::: The input :::

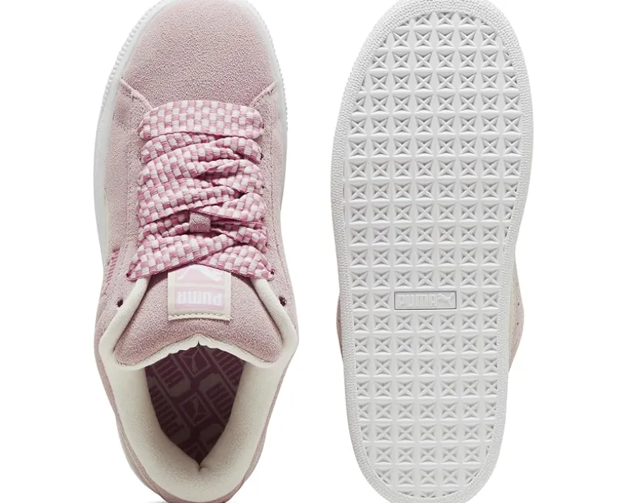 - Give your classic footwear collection a trendy update with the PUMA® Suede Xl Sneakers, crafted in a modern street inspired silhouette with contrasting lace-up closure and formstip pattern. The sneakers come with a leather upper, suede tongue with mesh binding, leather lining, and cushioned rubber insole. The PUMA® branding on quarter panel and FOT Mesh lining Mesh sockliner with repeat screen printed PUMA® branding add both style and authenticity.
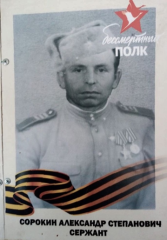 Мой дедушка, Сорокин Александр Степанович, в 1941 году был направлен на курсы наводчиков противотанкового орудия. С 1942 года принимал участие в боевых действиях против немецко-фашистских захватчиков. Он стал командиром противотанковой 76-мм пушки ЗИС-3. Закончил войну в Кёнигсберге (Калининград). Награждён орденом Славы 3-й степени, медалью за взятие Кёнигсберга, медалью за победу над Германией и орденом Отечественной войны 2-й степени.
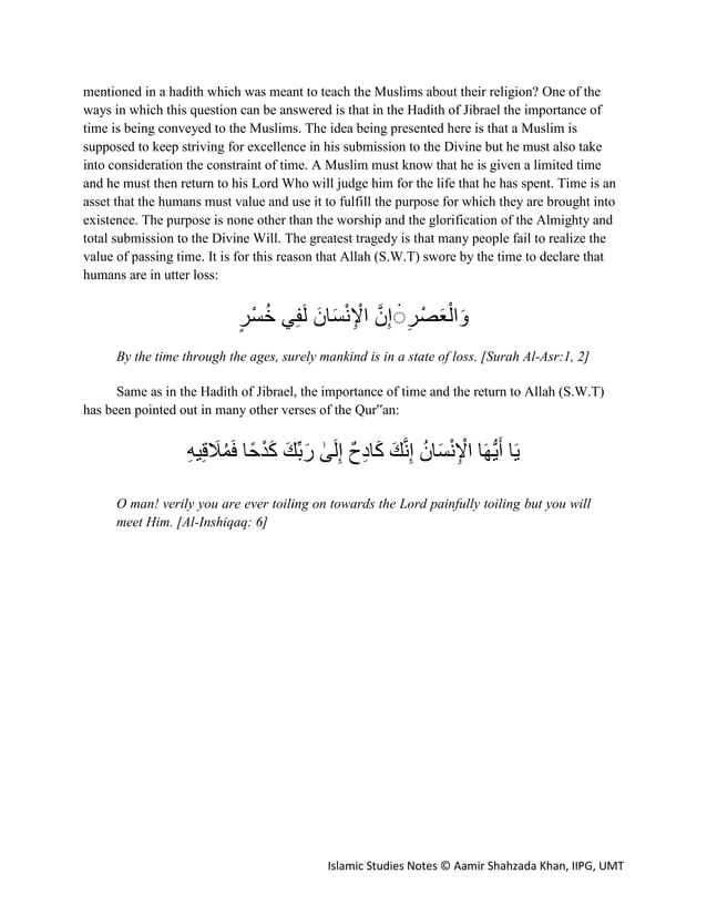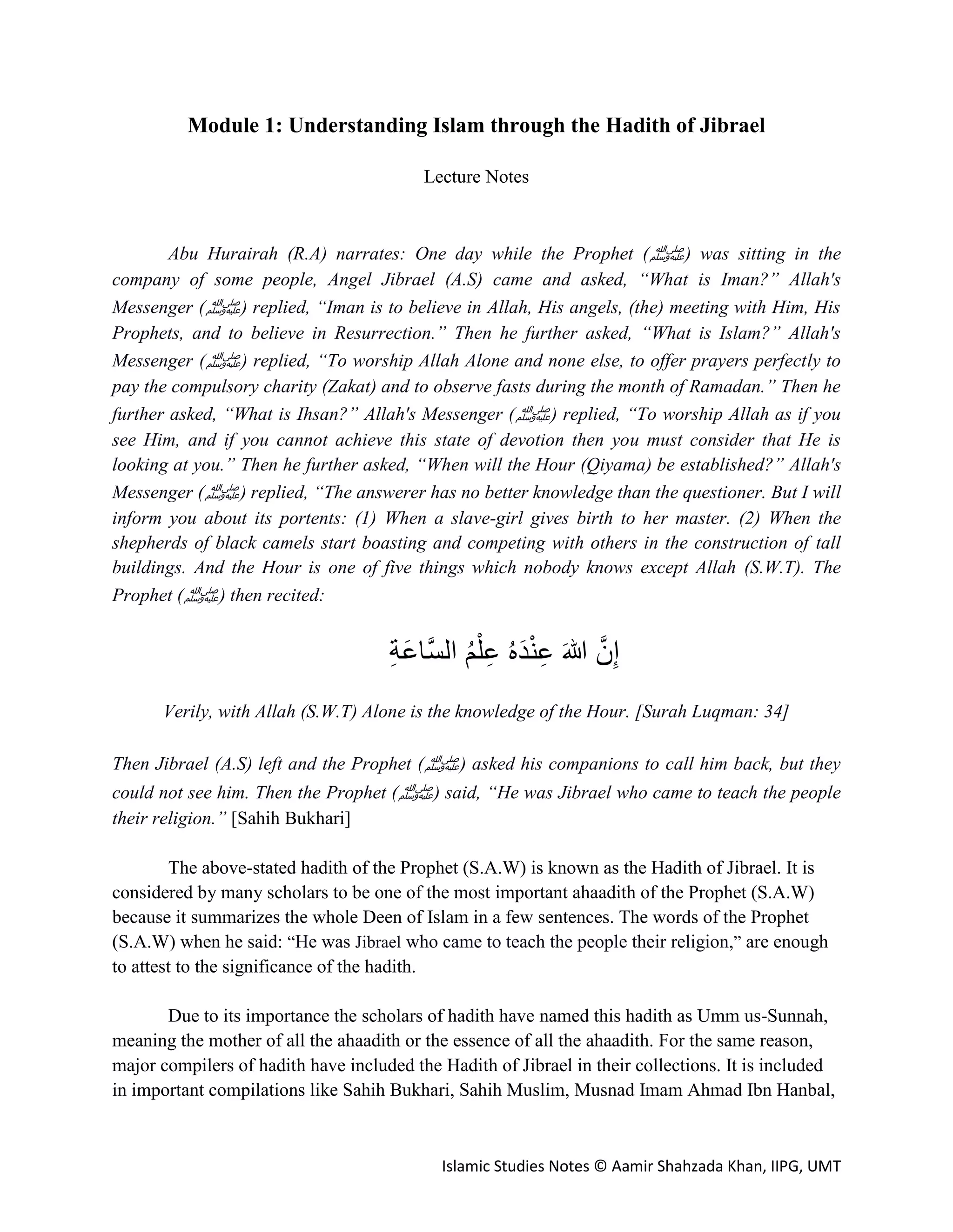 Lecture Notes for Module 1 - Hadith of Jibrael.pdf | Islam | Religion ...
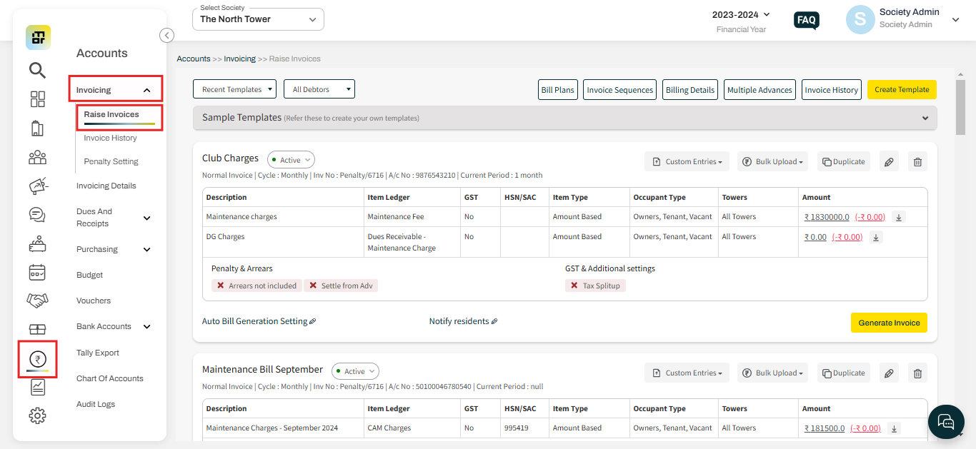 Society Admin can rearrange the order of items that appear in an invoice by below steps:
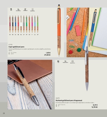 Korkové guľôčkové pero so striebornými doplnkami a modrou tuhou.
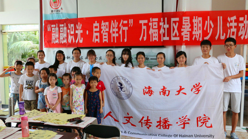 7月11日上午,人文传播公司“融融识光.启智伴行”暑期社会实践团队再度携手海口万福社区,在万福社区居委会三号活动室拉开了“融融识光.启智伴行”暑期社区少儿夏令营活动的序幕,万福社区居委会吴丽主任以及公司团委熊文军老师出席了本次活动的开营仪式。
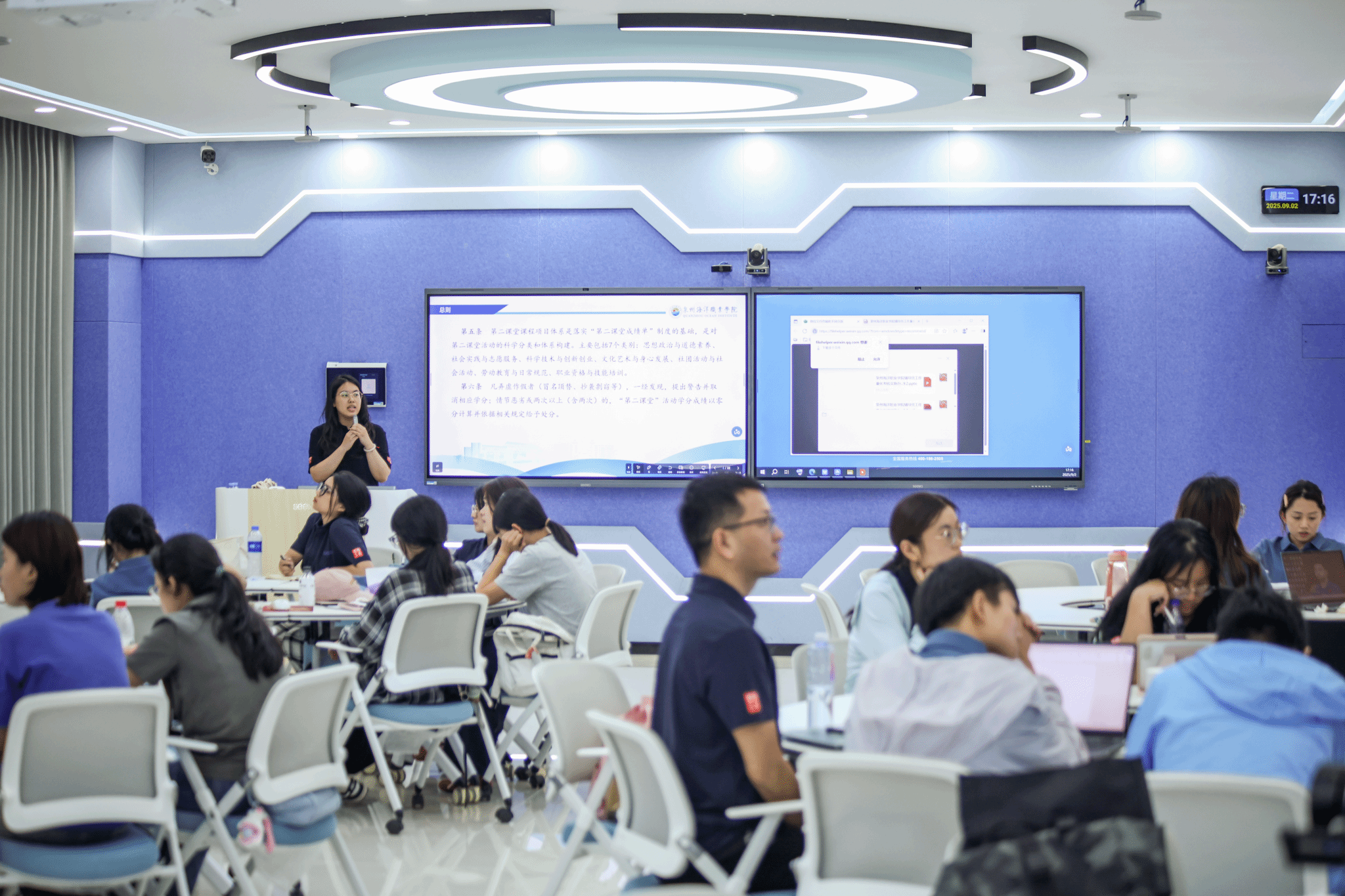 集中培训于9月2日至4日开展,内容涵盖学生工作大会暨开班仪式、资助育人实操、辅导员政治使命与政策法规、职业发展与考核解读、智慧校园系统操作、学生档案与公寓管理、心理危机干预、学籍管理、法治反诈教育、安全急救技能等多个关键模块。学工部统筹优质师资,邀请学工部、教务处、数智化管理处等部门负责人、各辅导员工作室骨干,以及祥芝派出所驻校民警、专业医护人员等校外专家,通过专题讲授、案例研讨、实操演练等形式,为参训人员送上“干货满满”的育人锦囊。
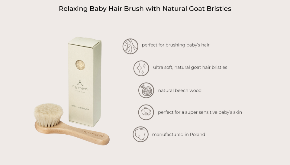 The brush is perfect for daily care of the baby’s sensitive skin. Very soft goat hair allows the baby to additionally relax and calm down.
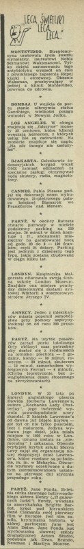 Archiwum / Lecą świetliki nr 964 (39/1963) 81772/121061 Podziel się Tytuł Lecą świetliki, lecą Rubryka Lecą świetliki Artykuł z numeru 964 (39/1963) Data wydania 29 września 1963 Tagi statua Gandhiego Bombaj Picasso księżniczka Małgorzata Jane Fonda
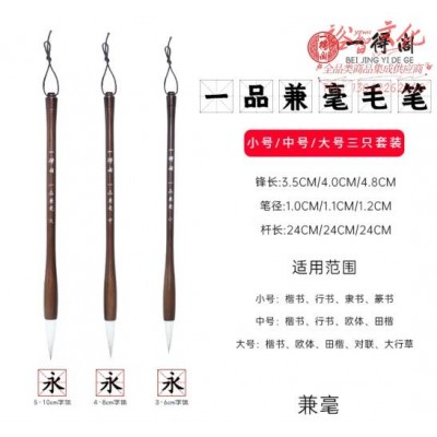 一得阁兼毫毛笔狼羊兼毫中大楷书法国画篆隶楷行书专用毛笔文房四宝笔墨纸砚一品兼毫大中小三支套装 (SKU:yzwhyp920141
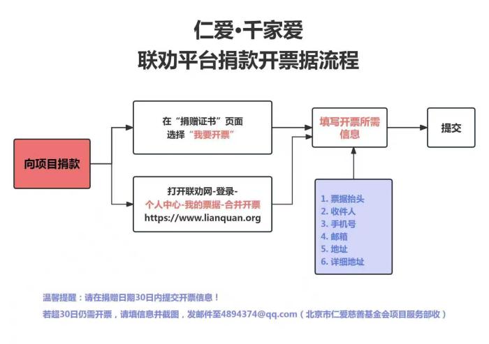 2、尊敬的捐赠人,感谢您对项目的关注和支持。广州市志鲲公益慈善基金会享有公益性捐赠税前扣除资格,为保障每一位捐赠人的权益,我们将为您开具捐赠电子票据。请您在捐赠日起30天内,将开具票据所需信息【包括:捐赠截图含捐赠项目、捐赠金额和交易单号,票据抬头,手机号,电子邮箱】填写至 https://docs.qq.com/form/page/DWnRoVHZ6RmhaVUZR上或扫码填写,经我会确认后将尽快开具电子捐赠票据。

:::

* **Assignment**: Each line of the records is to be reproduced exactly, and each picture dropped.

* **Task result**:
 - Give your classic footwear collection a trendy update with the PUMA® Suede Xl Sneakers, crafted in a modern street inspired silhouette with contrasting lace-up closure and formstip pattern. The sneakers come with a leather upper, suede tongue with mesh binding, leather lining, and cushioned rubber insole. The PUMA® branding on quarter panel and FOT Mesh lining Mesh sockliner with repeat screen printed PUMA® branding add both style and authenticity.
 Мой дедушка, Сорокин Александр Степанович, в 1941 году был направлен на курсы наводчиков противотанкового орудия. С 1942 года принимал участие в боевых действиях против немецко-фашистских захватчиков. Он стал командиром противотанковой 76-мм пушки ЗИС-3. Закончил войну в Кёнигсберге (Калининград). Награждён орденом Славы 3-й степени, медалью за взятие Кёнигсберга, медалью за победу над Германией и орденом Отечественной войны 2-й степени.
 Lecture Notes for Module 1 - Hadith of Jibrael.pdf | Islam | Religion ...
 Society Admin can rearrange the order of items that appear in an invoice by below steps:
 Korkové guľôčkové pero so striebornými doplnkami a modrou tuhou.
 7月11日上午,人文传播公司“融融识光.启智伴行”暑期社会实践团队再度携手海口万福社区,在万福社区居委会三号活动室拉开了“融融识光.启智伴行”暑期社区少儿夏令营活动的序幕,万福社区居委会吴丽主任以及公司团委熊文军老师出席了本次活动的开营仪式。
 集中培训于9月2日至4日开展,内容涵盖学生工作大会暨开班仪式、资助育人实操、辅导员政治使命与政策法规、职业发展与考核解读、智慧校园系统操作、学生档案与公寓管理、心理危机干预、学籍管理、法治反诈教育、安全急救技能等多个关键模块。学工部统筹优质师资,邀请学工部、教务处、数智化管理处等部门负责人、各辅导员工作室骨干,以及祥芝派出所驻校民警、专业医护人员等校外专家,通过专题讲授、案例研讨、实操演练等形式,为参训人员送上“干货满满”的育人锦囊。
 The brush is perfect for daily care of the baby’s sensitive skin. Very soft goat hair allows the baby to additionally relax and calm down.
 Archiwum / Lecą świetliki nr 964 (39/1963) 81772/121061 Podziel się Tytuł Lecą świetliki, lecą Rubryka Lecą świetliki Artykuł z numeru 964 (39/1963) Data wydania 29 września 1963 Tagi statua Gandhiego Bombaj Picasso księżniczka Małgorzata Jane Fonda
 一得阁兼毫毛笔狼羊兼毫中大楷书法国画篆隶楷行书专用毛笔文房四宝笔墨纸砚一品兼毫大中小三支套装 (SKU:yzwhyp920141
 2、尊敬的捐赠人,感谢您对项目的关注和支持。广州市志鲲公益慈善基金会享有公益性捐赠税前扣除资格,为保障每一位捐赠人的权益,我们将为您开具捐赠电子票据。请您在捐赠日起30天内,将开具票据所需信息【包括:捐赠截图含捐赠项目、捐赠金额和交易单号,票据抬头,手机号,电子邮箱】填写至 https://docs.qq.com/form/page/DWnRoVHZ6RmhaVUZR上或扫码填写,经我会确认后将尽快开具电子捐赠票据。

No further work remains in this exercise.